Меч и корона - О’Брайен Анна (книги онлайн полностью TXT) 📗
Руки и ноги у меня болели, я чувствовала тошноту.
— Вы и без меня хорошо понимаете, что с вами, государыня, — сказала, подойдя ко мне, Агнесса, с чистым куском полотна наготове: меня рвало в таз, уже в третий раз после того, как поднялась утром с ложа.
Я застонала.
Я невыносимо страдала.
Боже праведный!
Единственным облегчением всех моих мук служило то, что хотя бы не приходилось созерцать невыносимо торжествующую физиономию Людовика. Сияя от предвкушения скорого отцовства, он отправился еще раз на поклонение руинам некогда цветущего городка Витри-ле-Брюле. Там он посадил рощу кедров, привезенных из Иерусалима, символ своего покаяния. Я надеялась, что уцелевшие жители, близкие тех, кто был сожжен, оценили этот жест.
Заточенная во дворце Сите, я дрожала от ярости. Молитвы папы Евгения достигли престола Всевышнего, и Бог их услышал. Истечения мои прекратились. Королевское семя Людовика, черт бы его побрал, вопреки всему принесло плоды.

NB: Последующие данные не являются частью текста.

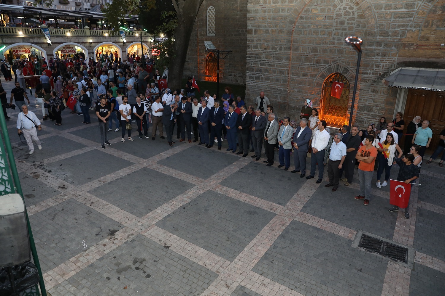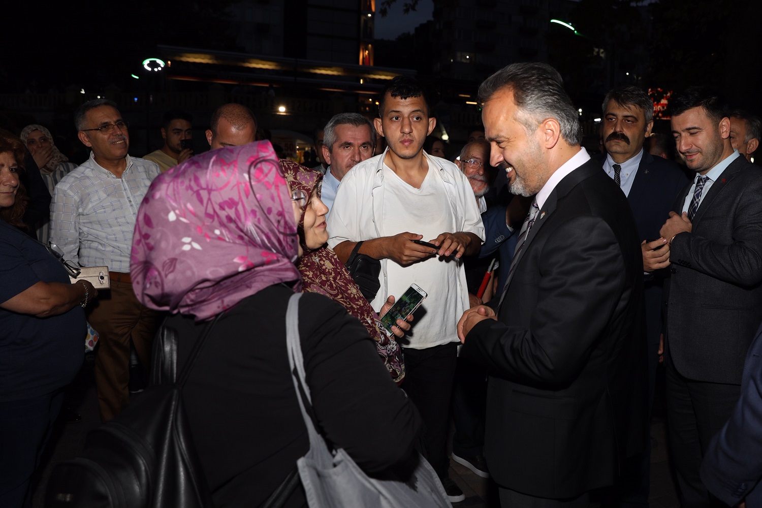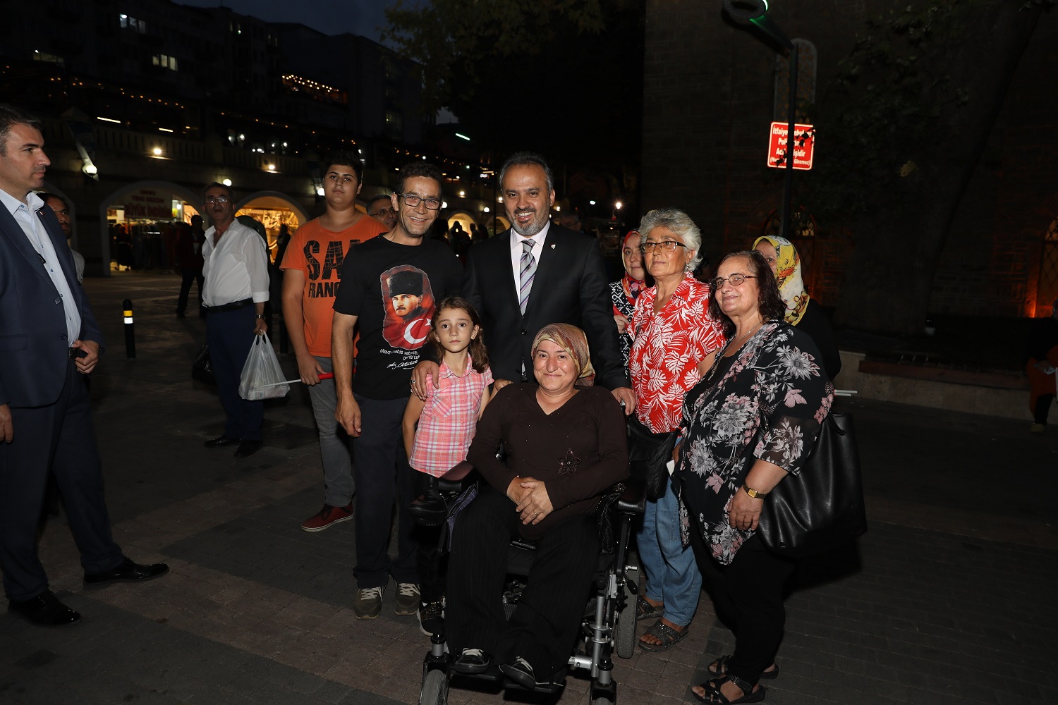7’den 70’e tüm Bursalılar, ellerindeki Türk bayraklarıyla coşkuya ortak oldu. Bursa Tahtakıran Kılıç Kalkan ekibi gösterisiyle büyük beğeni topladı. Gecede, Türkiye Muharip Gaziler Derneği Bursa Şubesi üyeleri, şehrin kurtuluşunu temsili olarak canlandırdı. Türk bayrakları ile koşarak tarihi belediye binasının önüne gelen milis kuvvetleri, vatandaşlardan uzun süre alkış aldı. İstiklal Marşı'nın okunması sırasında tarihi belediye binasındaki Türk bayrağı, gaziler tarafından göndere çekildi. Daha sonra Orhangazi Camii'nden kurtuluş salası okundu.
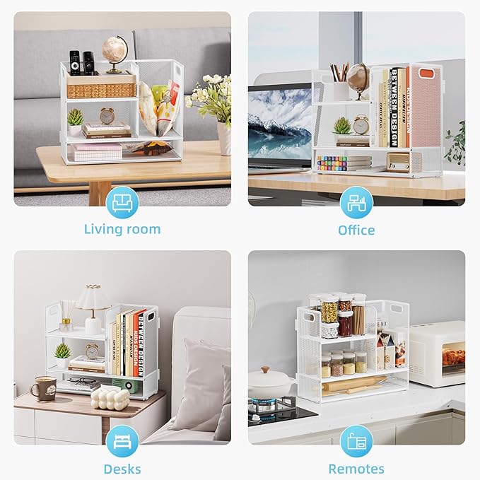 - 【Suitable for Various Occasions】: This desk bookshelf organizer is suitable for a variety of occasions,not only be used in offices, schools and homes, but also can organize cosmetics and all kinds of spices, more beautiful in the office and home.

«Королева возлегла на ложе. Вот-вот родится дитя!
Славься, Господи Боже!»
Эта весть передавалась из уст в уста, она гремела по всему дворцу.
Я тряслась и стонала — знакомая боль, рвущая тело на части, овладела мною. Знакомая? Эти муки были хуже всего, что я испытывала до тех пор, и разум мой страдал не меньше тела. Если это мальчик, наследник французского трона, то стены дворца сомкнутся вокруг меня, словно стены монастыря вокруг новой монахини — до смертного часа. Если я подарю Людовику сына, он никогда и ни за что не отпустит меня. У него будут и наследник, и Аквитания, и что бы я ни говорила, я ничем не смогу помешать его зловещему триумфу.
«Вот-вот свершатся роды. Родится наследник Капетингов».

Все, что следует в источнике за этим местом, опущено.